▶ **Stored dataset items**

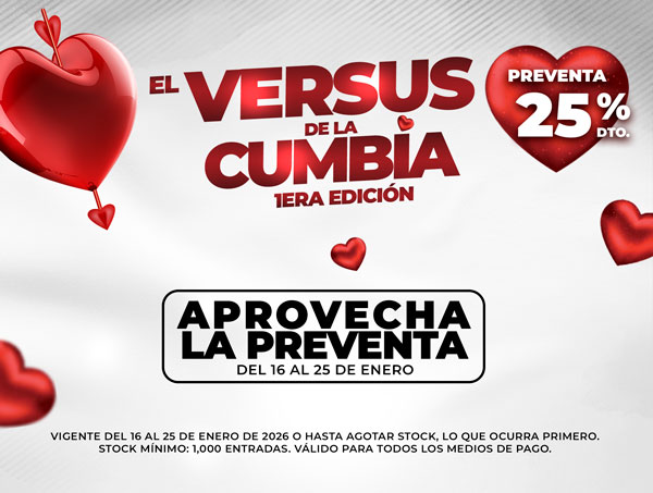 - * PREVENTA 20%: Vigente del 26 de enero al 01 de febrero de 2026 o hasta agotar stock, lo que ocurra primero. Stock mínimo: 1,000 entradas. Válido para todos los medios de pago.
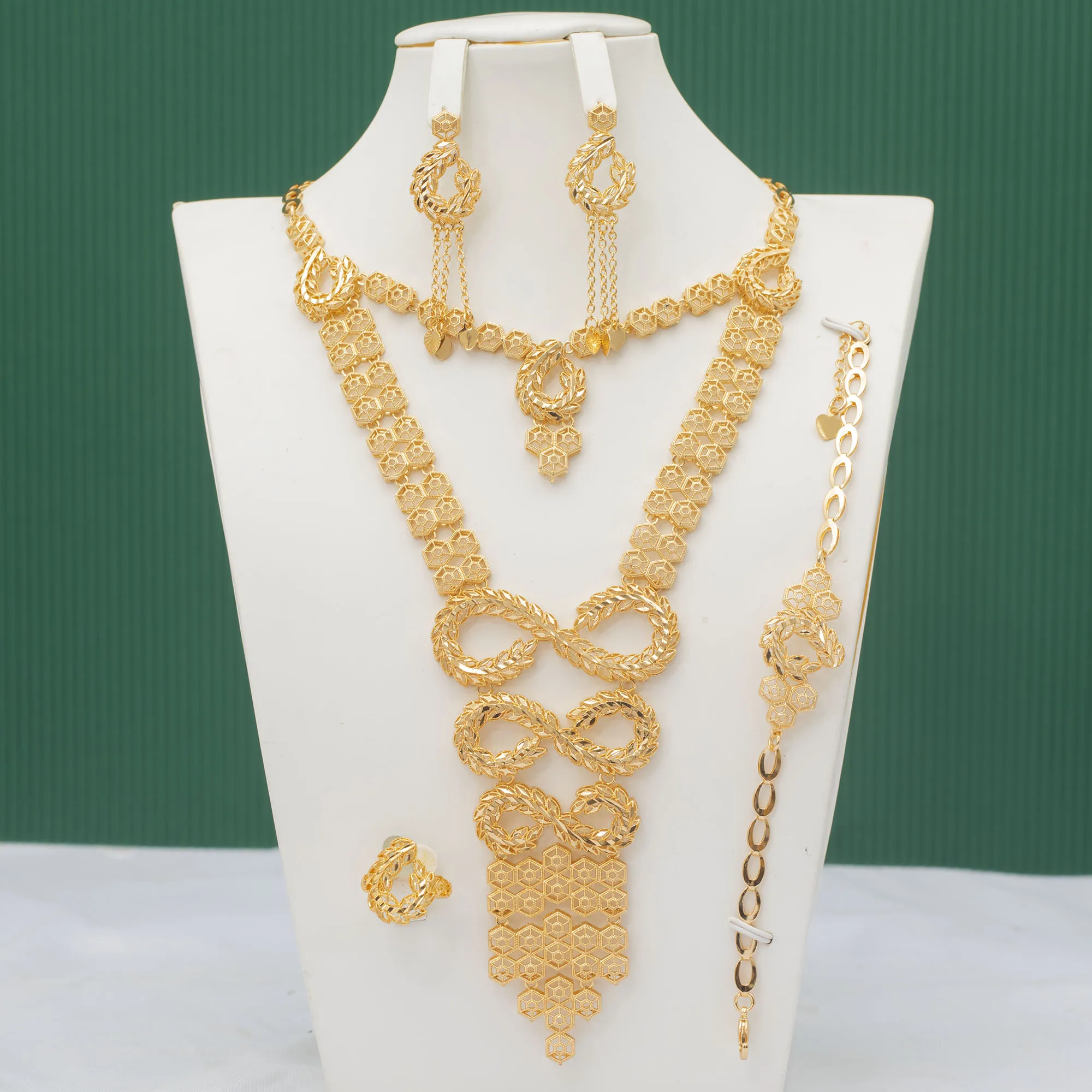 Nigerian Bridal Jewelry Set Dubai New Gold Chain Design Necklace Luxury Jewelry 14k Gold Adjustable Rings for Women
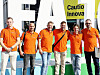 Retail Support stiller mannsterke på IFA, og er godt synlige i sine oransje skjorter. Peter Rohde (f. v.), Andre Adbro, Morten Berner, Tom Persson, Karsten Berner og Søren Rohde.
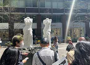 今年度のテーマ「アーティストを深掘りする(サイトスペシフィックアートをメインに)」に合致したイベントを山内講師から紹介され、出品作家へのインタビューとイベント訪問を通じ、新たな展示形式を堪能しました。 (参加者 計8名 ) [概要] 「有楽町ウィンドウギャラリー2023」では、14組のアーティストの作品が「丸の内仲通り」周辺の9店舗に展開し、作品の購入も可能な新しい体験を提供しています。今回のアートラボでは、まず四谷の教室でその出品作家のひとりである岩谷雪子氏にzoomでインタビューを行い、その後、現地に移動し、イベントの主催者である「一般財団法人カルチャー・ヴィジョン・ジャパン」の鈴木育子氏の案内で各店舗の作品を鑑賞しました。
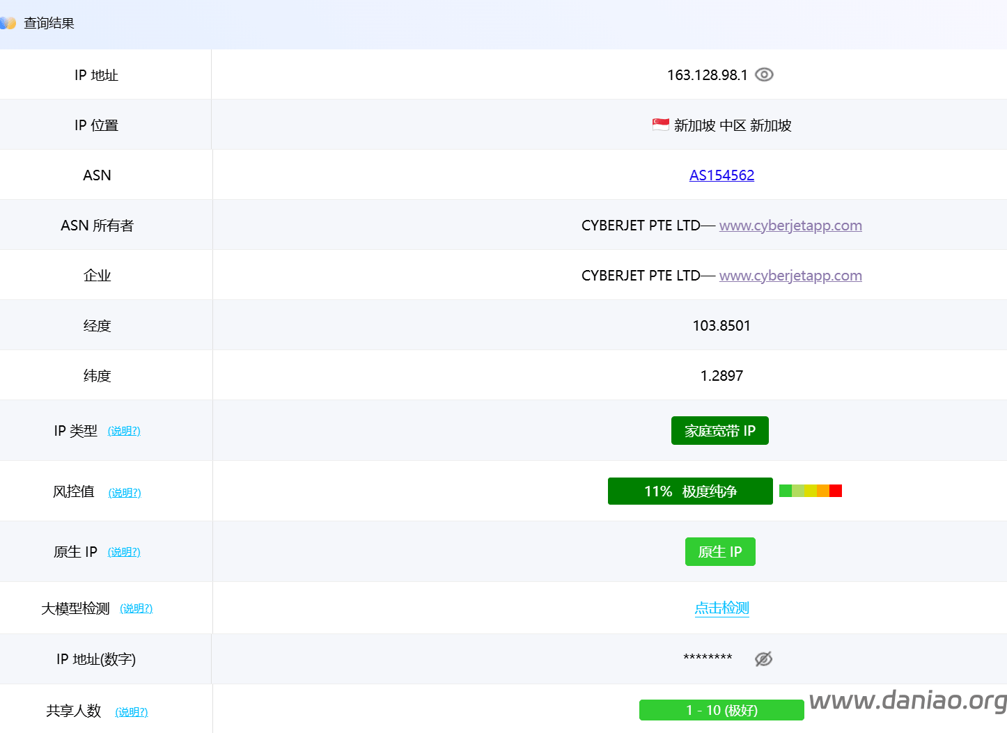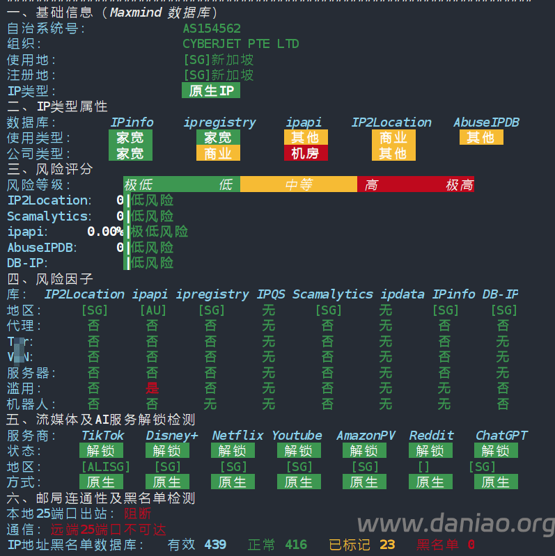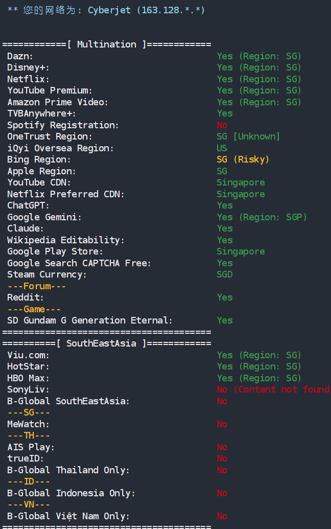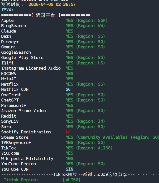 IP为新加坡原生IP,具体双ISP属性,解锁能力优秀,解锁TikTok/AI,适合流媒体/游戏/电商等

▶ **EXERCISE**
Return the data verbatim, leaving out the pictures it holds.

▶ **EXERCISE RESPONSE**
 - * PREVENTA 20%: Vigente del 26 de enero al 01 de febrero de 2026 o hasta agotar stock, lo que ocurra primero. Stock mínimo: 1,000 entradas. Válido para todos los medios de pago.
 Nigerian Bridal Jewelry Set Dubai New Gold Chain Design Necklace Luxury Jewelry 14k Gold Adjustable Rings for Women
 Retail Support stiller mannsterke på IFA, og er godt synlige i sine oransje skjorter. Peter Rohde (f. v.), Andre Adbro, Morten Berner, Tom Persson, Karsten Berner og Søren Rohde.
 今年度のテーマ「アーティストを深掘りする(サイトスペシフィックアートをメインに)」に合致したイベントを山内講師から紹介され、出品作家へのインタビューとイベント訪問を通じ、新たな展示形式を堪能しました。 (参加者 計8名 ) [概要] 「有楽町ウィンドウギャラリー2023」では、14組のアーティストの作品が「丸の内仲通り」周辺の9店舗に展開し、作品の購入も可能な新しい体験を提供しています。今回のアートラボでは、まず四谷の教室でその出品作家のひとりである岩谷雪子氏にzoomでインタビューを行い、その後、現地に移動し、イベントの主催者である「一般財団法人カルチャー・ヴィジョン・ジャパン」の鈴木育子氏の案内で各店舗の作品を鑑賞しました。
 IP为新加坡原生IP,具体双ISP属性,解锁能力优秀,解锁TikTok/AI,适合流媒体/游戏/电商等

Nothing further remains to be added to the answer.